Giant brake pads were slowing Valleyfair’s Wild Thing roller coaster when the last of its six cars broke away and lurched to a tilt, sending 15 riders to the emergency room.
Those brakes under the Shakopee amusement park’s signature ride will be under scrutiny as the owner, the manufacturer and outside engineers try to figure out the cause of Sunday afternoon’s accident.
At the time of the accident, the ride "was well into the brakes, so probably that’s going to be significant once we can get under there and see it," said Tip Harrison, director of Valleyfair’s physical plant. Though he wouldn’t speculate on what the investigation might reveal, Harrison doubted such an accident would have happened anywhere else during the ride.
Valleyfair officials inspected parts of the ride Monday but did not physically touch anything. They were waiting for ride manufacturer officials to fly in from California.
No government agency will investigate. Some states inspect amusement park rides, but Minnesota leaves that responsibility to the park owners and their insurance companies.
The investigation is expected to take days, Harrison said. In the meantime, riders and witnesses were reliving their experience on Monday.
Andrea Olecki, 14, of Eden Prairie was waiting in line to board the ride when she saw one of the roller coaster cars suddenly detach from the others.
Olecki said she saw what looked like a latch that connected them fly into the air.

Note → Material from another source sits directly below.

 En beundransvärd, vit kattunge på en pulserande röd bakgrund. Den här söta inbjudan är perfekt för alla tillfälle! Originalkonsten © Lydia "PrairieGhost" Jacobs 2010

"Everybody was just trying to run out of the line, get out of the way of the Wild Thing," said Olecki, who rode the roller coaster about nine times that day and experienced no problems. "I was scared."

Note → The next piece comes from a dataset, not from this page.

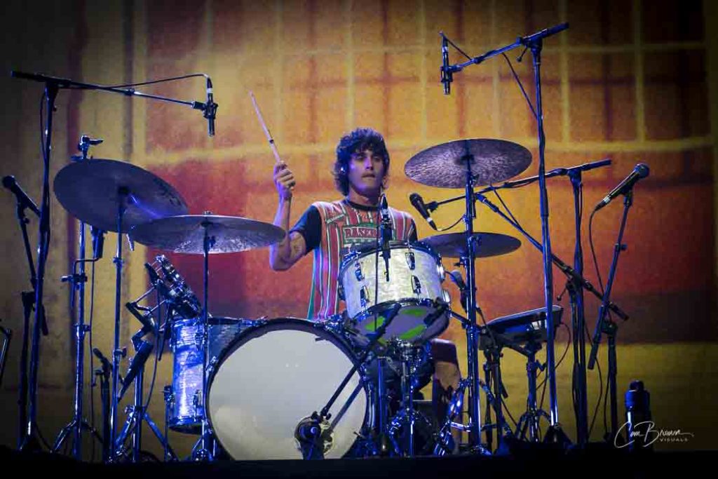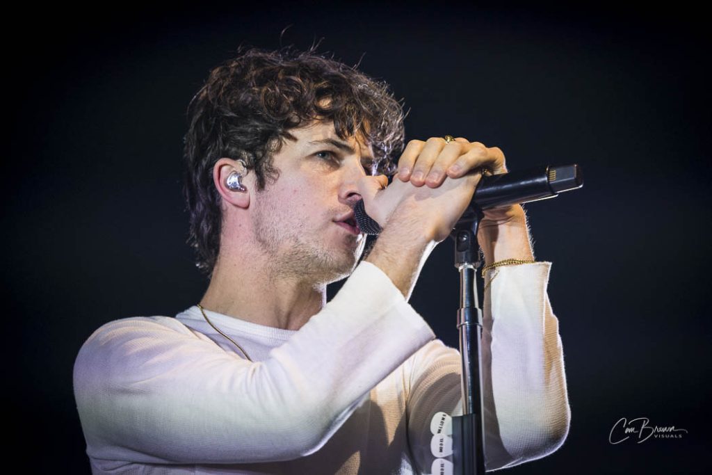 I took my seat and roughly 30 seconds later the lights went down – good timing! Opening with silhouttes upon a giant sheet and psychedelic attention grabber ‘Do Not Wait’, the sheet dropped as they tore into ‘Your Apartment’, with a strong punk-like energy. Co-lead vocalist Dylan Minette took charge and moved across the stage to massive applause and screams. He knew exactly how to work the mostly female crowd, messing up his hair, swinging his hips, waving and pointing and driving the crowd crazy. ‘Let’s have the best night of our lives tonight’ he casually says.

Sitting with his brother in the last car of the Wild Thing on Sunday, Jay Kephart, 9, of Milaca, Minn., felt a big jerk, hit his bottom teeth on the lap bar and tipped sideways, he said. He wiggled out of the restraints, stood up and saw wheels on the track.
"Holy dang. It ripped itself apart real bad," he remembers thinking.
His brother Mitch Kephart, 13, sat in the ride unconscious with a bloody nose. By the time park officials released the lap bars, he was awake. Neither suffered serious injuries, their mother said.
Harrison said the rear wheels on the second-to-last car came off the track and broke away from the car. But he didn’t know whether the derailment happened before or after the cars separated.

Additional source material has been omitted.